Answer is All You Need: Instruction-following Text Embedding via Answering the Question
Letian Peng, Yuwei Zhang, Zilong Wang, Jayanth Srinivasa, Gaowen Liu, Zihan Wang, Jingbo Shang
TL;DR
This work addresses the need for instruction-aware text embeddings by reframing the instruction as a question about the input and deriving embeddings from the model-generated answers. The authors introduce InBedder, a framework that fine-tunes language models on a suite of abstractive QA datasets, using the paragraph as input, the instruction as the question, and the short answer as the embedding signal.
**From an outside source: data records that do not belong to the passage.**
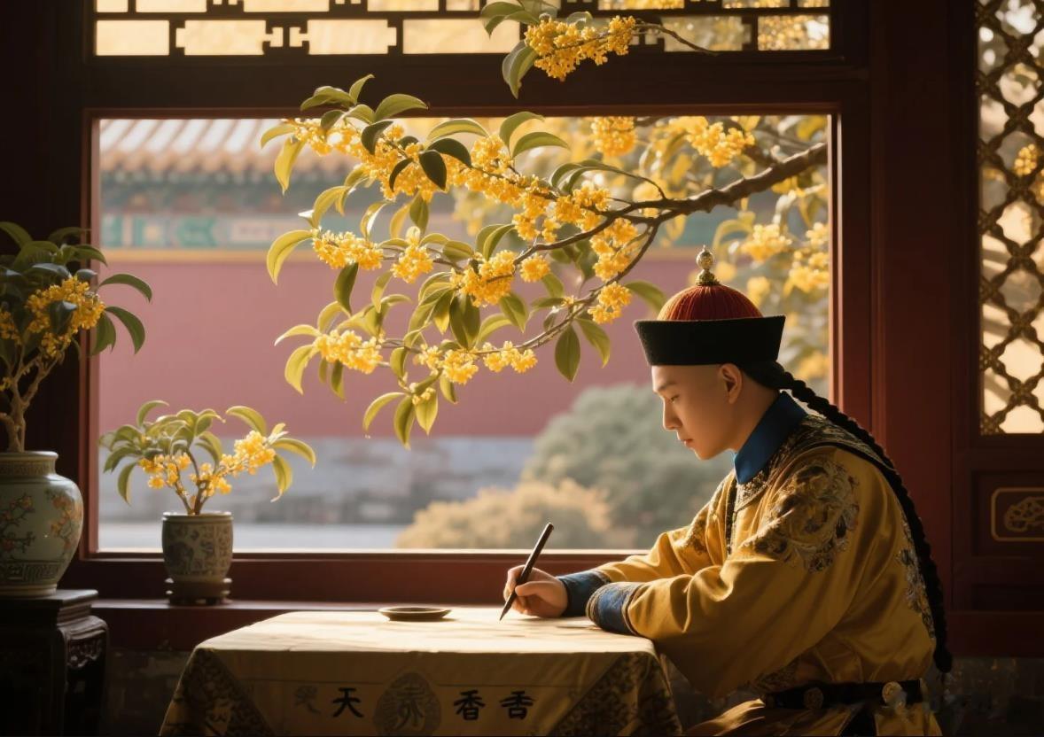 这是乾隆皇帝的诗作。他喜欢桂花,宫廷和边塞的行宫,都种植有桂花树。只是花期不一。
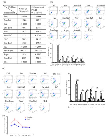 Exosome-encapsulated herbal compounds increase the cellular toxicity of different cell lines. (A) Cytotoxicity MTT assays of the Exo-compounds (the concentrations of Exo, Exo-Bai, Exo-Hed, Exo-Nef, Exo-Rg3, Exo-Rapa or Exo-Rb1 were 4000 μg/mL, 1000 μg/mL, 200 μg/mL, 5 μg/mL, 2000 μg/mL, 5 μg/mL and 5000 μg/mL, respectively) and herbal compounds alone (the concentrations of Bai, Hed, Nef, Rg3, Rapa and Rb1 were 1000 μg/mL, 200 μg/mL, 50 μg/mL, 2000 μg/mL, 5 μg/mL, 5000 μg/mL, respectively) were performed on both the differentiated PC-12 cells and neuron-2a cells by the MTT method after 48 h of the compound treatments. (B) Flow cytometric measurements of the cytotoxicity of Exo-compounds (the concentrations of Exo-Bai, Exo-Hed, Exo-Nef, Exo-Rg3, Exo-Rapa or Exo-Rb1 were 150 μg/mL, 3 μg/mL, 0.6 μg/mL, 100 μg/mL, 200 ng/mL, 600 μg/mL, respectively) and herbal compounds alone (the concentrations of Exo, Bai, Hed, Nef, Rg3, Rapa or Rb1 were 150 μg/mL, 3 μg/mL, 0.6 μg/mL,100 μg/mL, 200 ng/mL, 600 μg/mL, respectively) were validated on differentiated PC-12 cells and (C) Neuron-2a cells by flow cytometry after 24 h of the compound treatment. (D) The intracellular concentration of Bai on differentiated PC-12 was determined by UHPLC-MS at 0.5 h, 1 h, 6 h, 12 h, 24 h and 48 h after treatment with 10 μg/mL of Exo-Bai or Bai alone. All of the experiments were performed as three independent experiments. One-way ANOVA was used to compare the data: * p < 0.05, ** p < 0.01, *** p < 0.001.
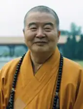 Born Chang Baokang near Shanghai in mainland China, he became a monk at the age of 13. During the Chinese Civil War, he left the monkhood and went to Taiwan in 1949 by enlisting in a unit of the Nationalist Army.[6] After leaving the army Sheng Yen returned to monkhood and became recognized as a Dharma Heir in both the Linji and Caodong traditions. Sheng Yen was a 57th generational dharma heir of Linji Yixuan in the Linji school (Japanese: Rinzai) and a third-generation dharma heir of Hsu Yun. In the Caodong (Japanese: Sōtō) lineage, Sheng Yen was a 52nd-generation Dharma heir of Dongshan Liangjie (807-869), and a direct Dharma heir of Dongchu (1908–1977).[7]
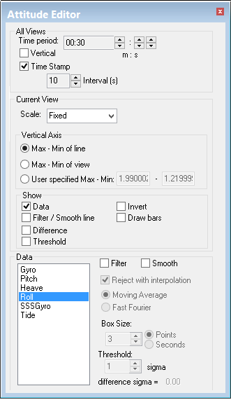 CARIS HIPS and SIPS Help : HIPS and SIPS : HIPS and SIPS Editors : Attitude Editor : Attitude Editor controls
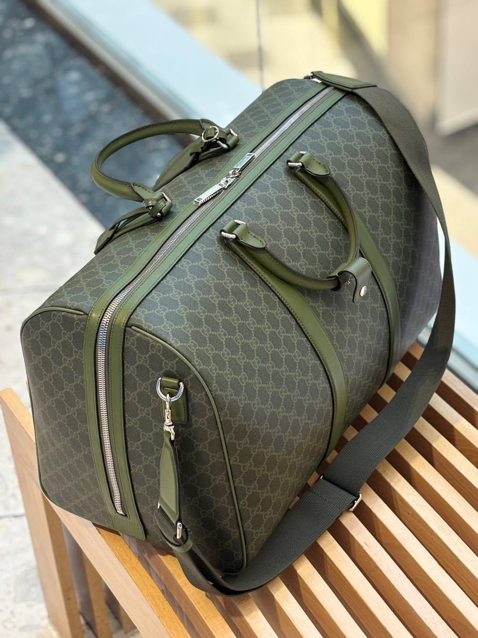 Стильная дорожная сумка из прочной канвы с кожаными укреплениями, монограммный дизайн и полированная фурнитура создают образ безупречного путешественника.
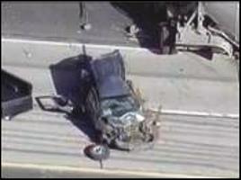 这起沙尘暴发生在当地时间16日,距离爱德华兹空军基地不远,沙尘暴风速达每小时88公里,洛杉矶消防局表示,公路上沙尘蔽天,能见度几乎等于零,导致许多汽车不得不突然减速,因而造成连环车祸,有些汽车被撞的七零八落,零件四处散落在公路上。
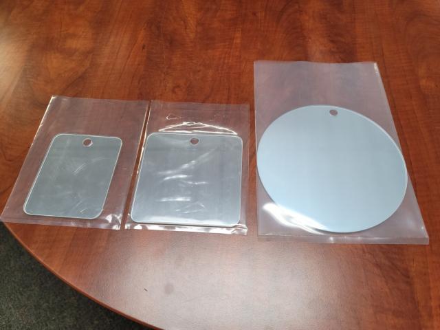 • These Disposable Mirrors are Polycarbonate, a very impact resistant material commonly used for eyeglasses, motorcycle windshields and vehicle headlights. As a mirror, they are more scratch resistant than Stainless Steel. While Stainless Steel is unbreakable, the reflective surface is unprotected and in direct contact with animals and cleaning rags, all of which degrade the reflectivity. With Polycarbonate Mirrors, the reflective surface is behind the clear surface.
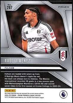 Raul Jimenez Fulham Lazer parallel from the 2024-25 Panini Prizm Premier League collection. This is card number 207 from the base set, featuring the distinctive lazer prizm refractor finish. The Mexican international striker joined Fulham from Wolverhampton Wanderers in July 2023.
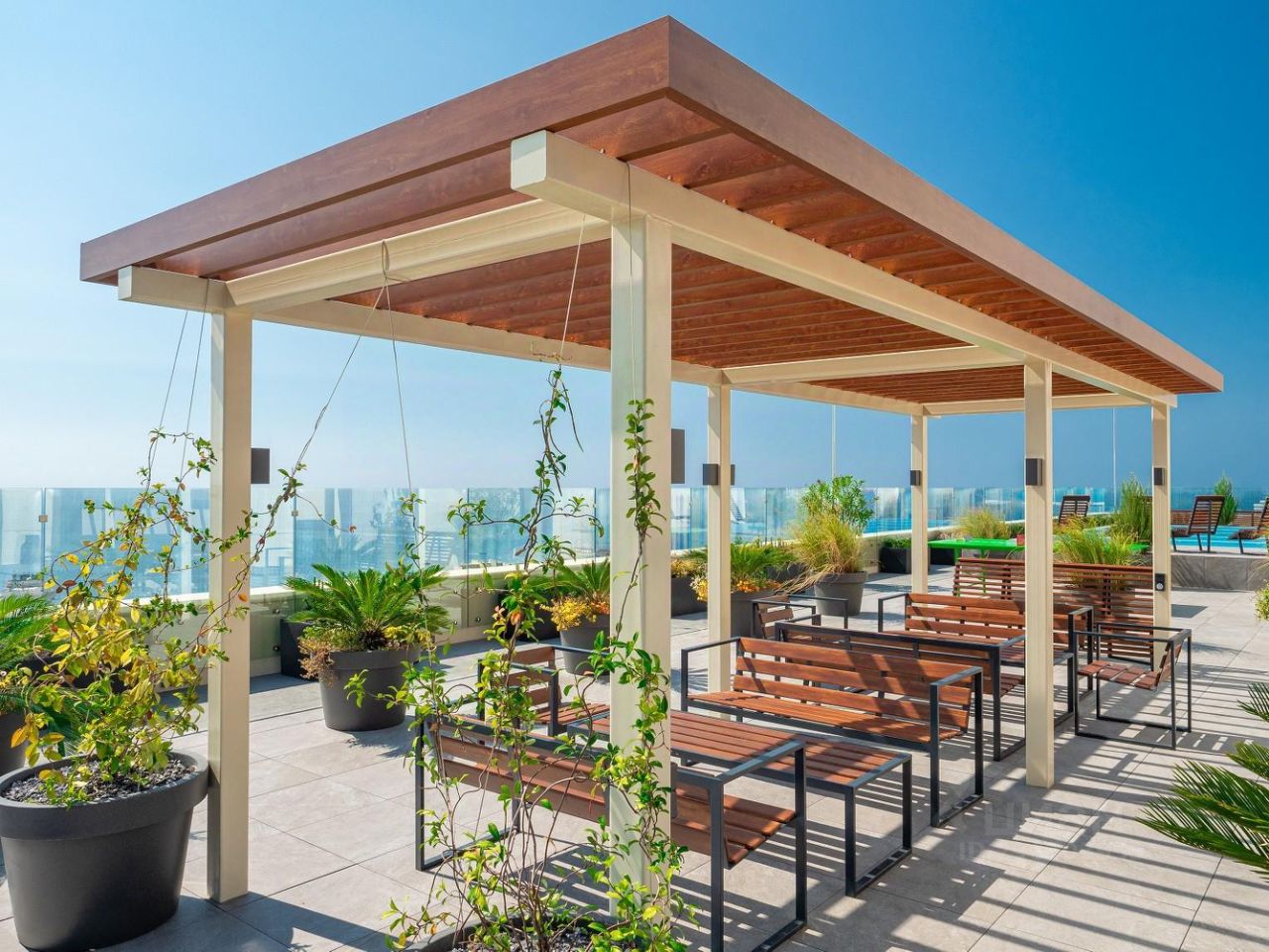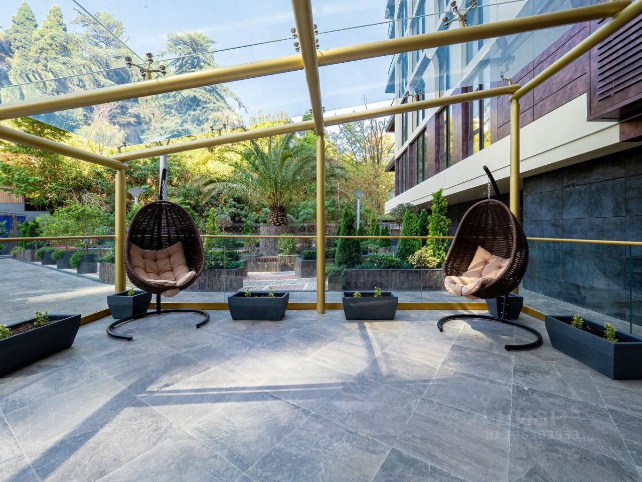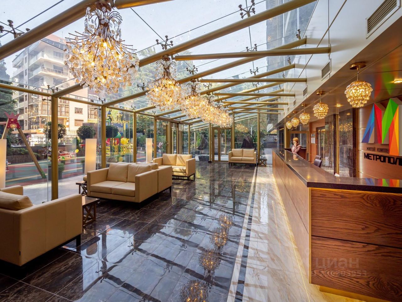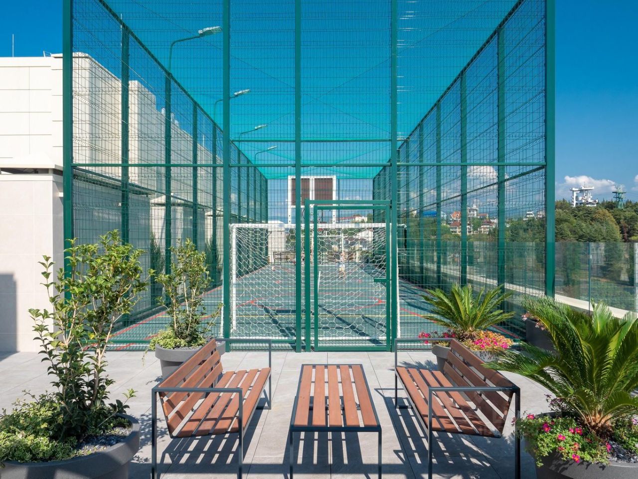 Изюминка дома это эксплуатируемая крыша с бассейном и видами на 360 градусов на весь Сочи, море и горы! На крыше так-же расположены лежаки для загара, спортивная площадка и тренажёры. На первом этаже нашего комплекса входная группа с зоной ресепшн, фонтан и детская площадка. Территория дома закрытая, без машин, что очень комфортно для отдыха с детьми.
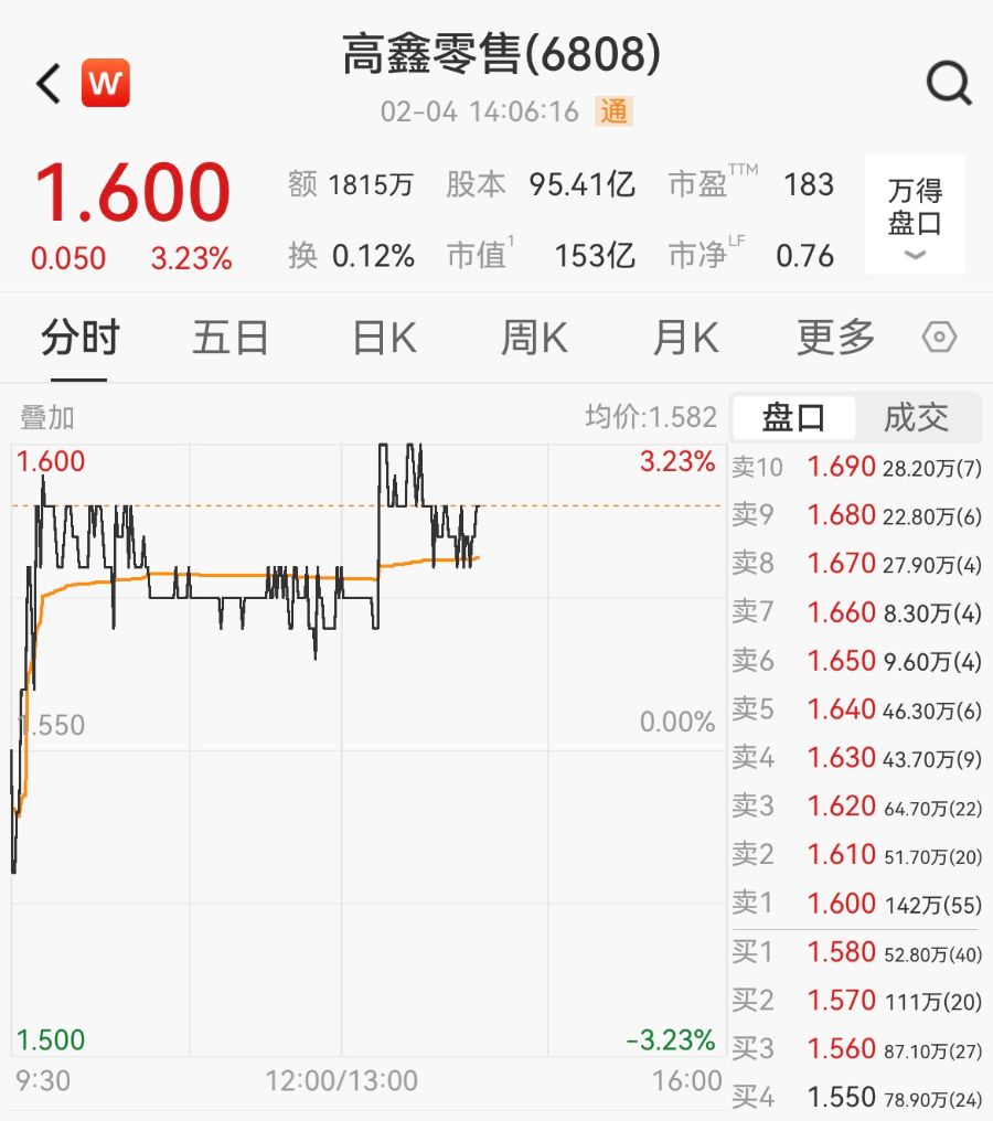 截至2月3日14时,高鑫零售报1.6港元/股,涨3.23%。
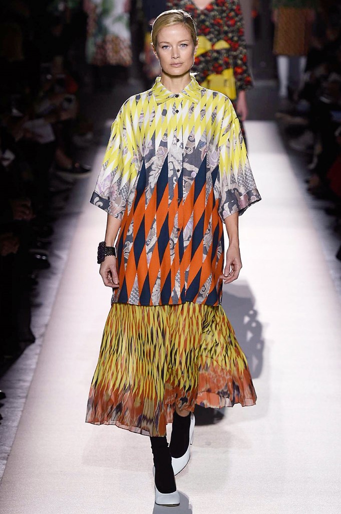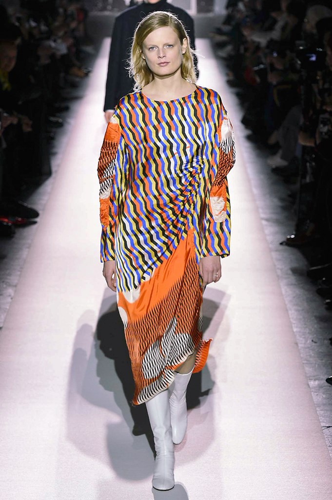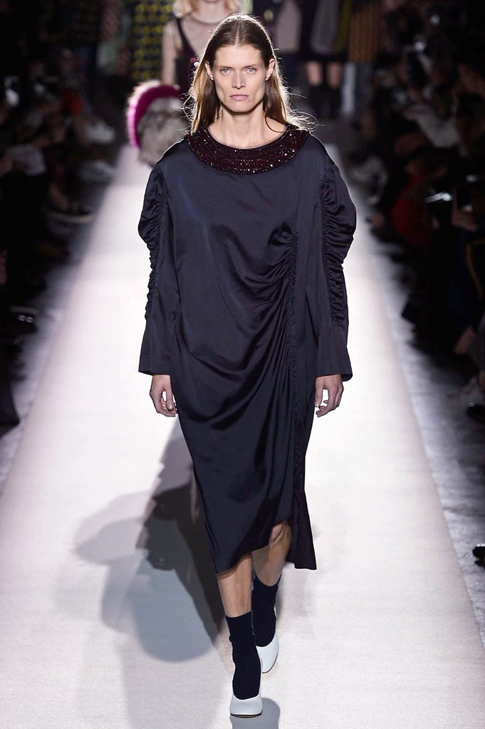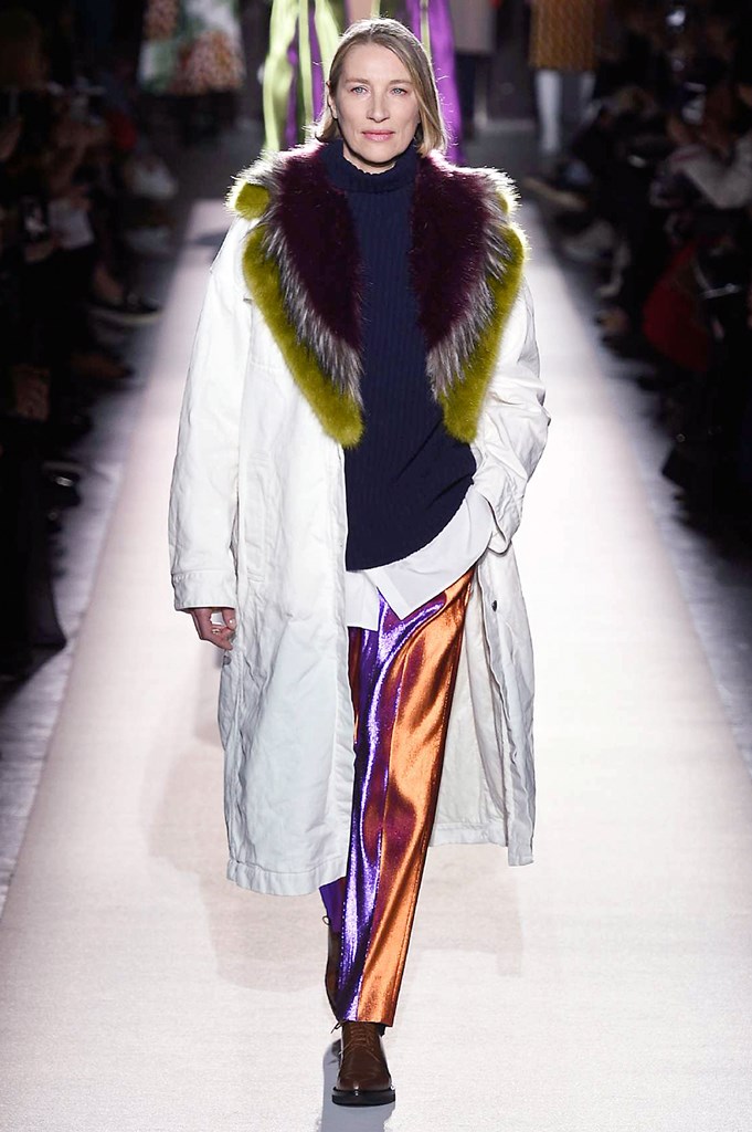 Para empezar, por la pasarela de Dries van Noten desfilaron un total de 54 modelos que tenían algo en común: todas han trabajado en algún momento u otro con el diseñador desde el primero de sus desfiles, en el lejano año 1993, hasta el presente. Como no podía ser de otra forma, la pasarela la abrió Kristina Coninck, una de las modelos belgas más emblemáticas. Y a ella le siguieron otros iconos del calibre de Carolyn Murphy, Delfine Bafort, Guinevere van Seenus, Malgosia Bela, Yasmin Warsame, Sasha Pivovarova, Amber Valetta, Kirsten Owen, Michelle Hicks o Nadja Auermann.
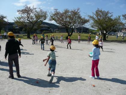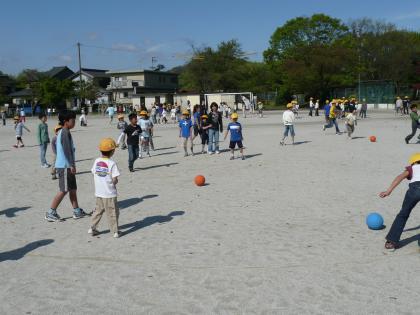 お兄さんやお姉さんのリードで、運動場や緑山のてっぺんにひろがって、ボール遊びやはじめの一歩などをしました。

Through instruction-awareness and robustness tests, InBedder demonstrates strong instruction-following behavior across encoder and decoder models and enables interpretable clustering via cluster explanations. While competitive on generic tasks, the method excels in instruction-driven scenarios and offers practical, open-source resources for researchers and practitioners seeking user-oriented retrieval and analysis. The work highlights the potential of answer-based embeddings to capture instruction-specific semantics with efficiency advantages in certain settings.
Abstract
This work aims to build a text embedder that can capture characteristics of texts specified by user instructions. Despite its tremendous potential to deploy user-oriented embeddings, none of previous approaches provides a concrete solution for it. This paper offers a new viewpoint, which treats the instruction as a question about the input text and encodes the expected answers to obtain the representation accordingly. Intuitively, texts with the same (implicit) semantics would share similar answers following the instruction, thus leading to more similar embeddings. Specifically, we propose InBedder that instantiates this embed-via-answering idea by only fine-tuning language models on abstractive question answering tasks. InBedder demonstrates significantly improved instruction-following capabilities according to our proposed instruction awareness tests and instruction robustness tests, when applied to both large language models (LLMs) (e.g., llama-2-7b) and smaller encoder-based LMs (e.g., roberta-large). Additionally, our qualitative analysis of clustering outcomes, achieved by applying different instructions to the same corpus, demonstrates a high degree of interpretability.